Sick pay changes in the public sector
[ch 4: pages 52-53]Sick pay has been under pressure in the civil service and other parts of the public sector as a result of austerity policies. From October 2013, new employees at the largest government department, Work and Pensions (DWP), saw their sick pay entitlement cut. They now have up to one month’s full pay and one month’s half pay in their first year of service. This will rise annually to a maximum of five months’ full pay and five months’ half pay in the fifth year and beyond.
By comparison, the Office for National Statistics (also part of the civil service) currently retains its entitlement for sick pay equivalent to full pay for up to six months in any period of 12 months, followed by half pay for six months. However, this is subject to a maximum of 12 months sick absence in any period of four years or less. Thereafter, there is a discretionary payment.
Changes at the DWP (and elsewhere) are one consequence of a wider civil service reform exercise that also affected annual leave, probation and work location. They were influenced by a “benchmarking” report, Current practices on terms and conditions.
The declared aim was to ensure the service offers terms and conditions “comparable with, but not beyond, what a good, modern employer would provide”. But in a bulletin to members at the DWP, PCS described the changes as “politically motivated — part of a more general attack on the rights of workers and trade unions stemming directly from ministers”.

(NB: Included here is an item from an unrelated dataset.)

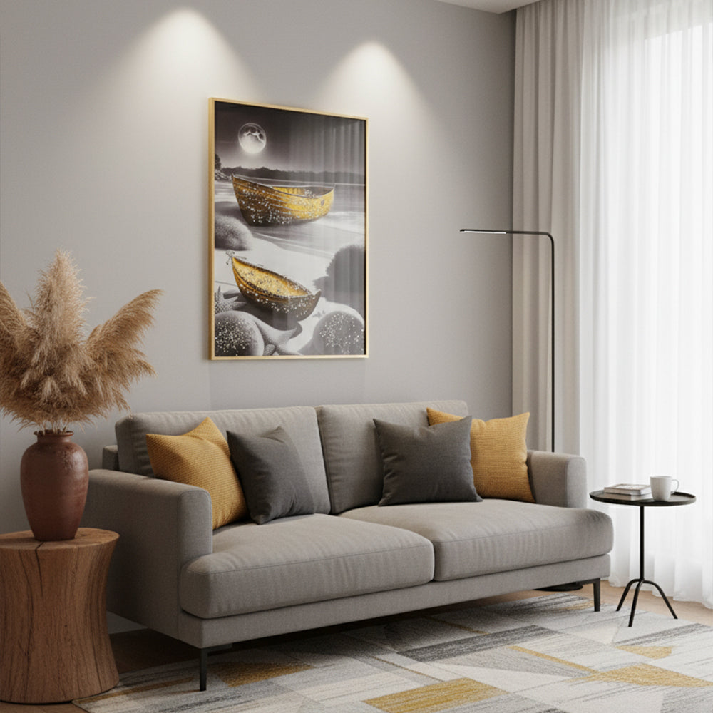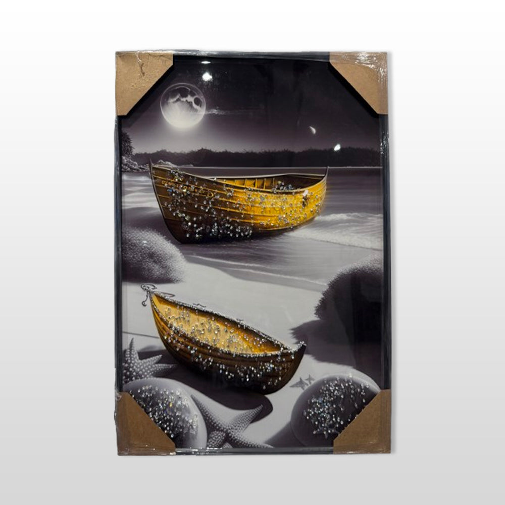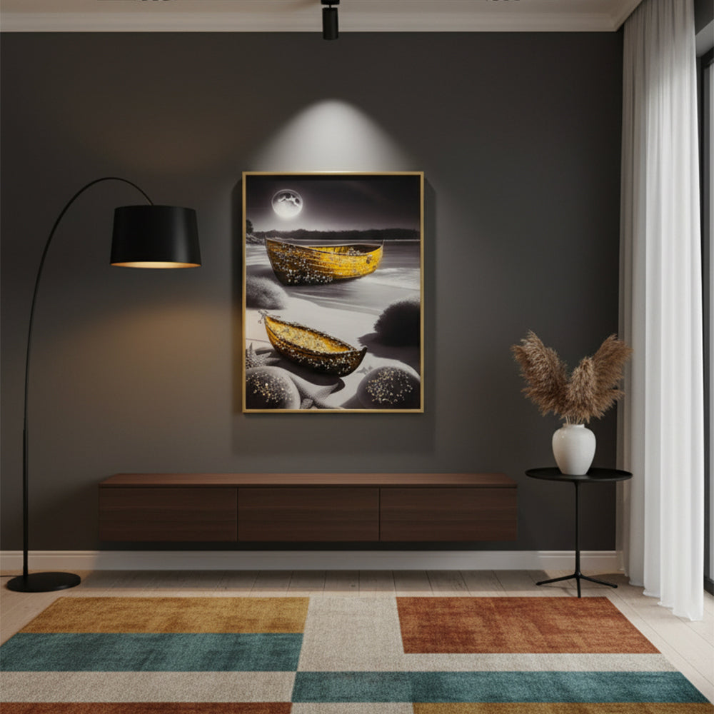 A serene artwork portraying calm waters under the gentle glow of moonlight, evoking tranquility, reflection, and the quiet beauty of...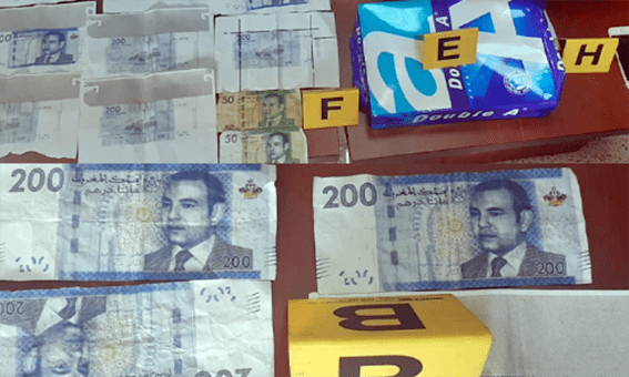 وقد جرى ضبط المشتبه فيه وهو في حالة تلبس، حيث كان يقوم بتصريف ورقتين بنكيتين مزيفتين من فئة 200 درهم بحي مسنانة.

In local government, some authorities have moved away from the sick pay entitlement set out in the NJC Green Book national agreement for local government services staff in England, Wales and Northern Ireland. In Pay Matters, a 2013 survey of 14,800 members, public services union UNISON found that 4% of respondents reported cuts in sick pay. In a recent LRD sick pay survey, 21 out of 24 councils still followed the national pattern by paying a maximum of 52 weeks’ paid leave, 26 weeks at full pay and 26 weeks at half pay for employees with five years’ service (Northamptonshire and Caerphilly County Borough councils were among those that have introduced inferior entitlement).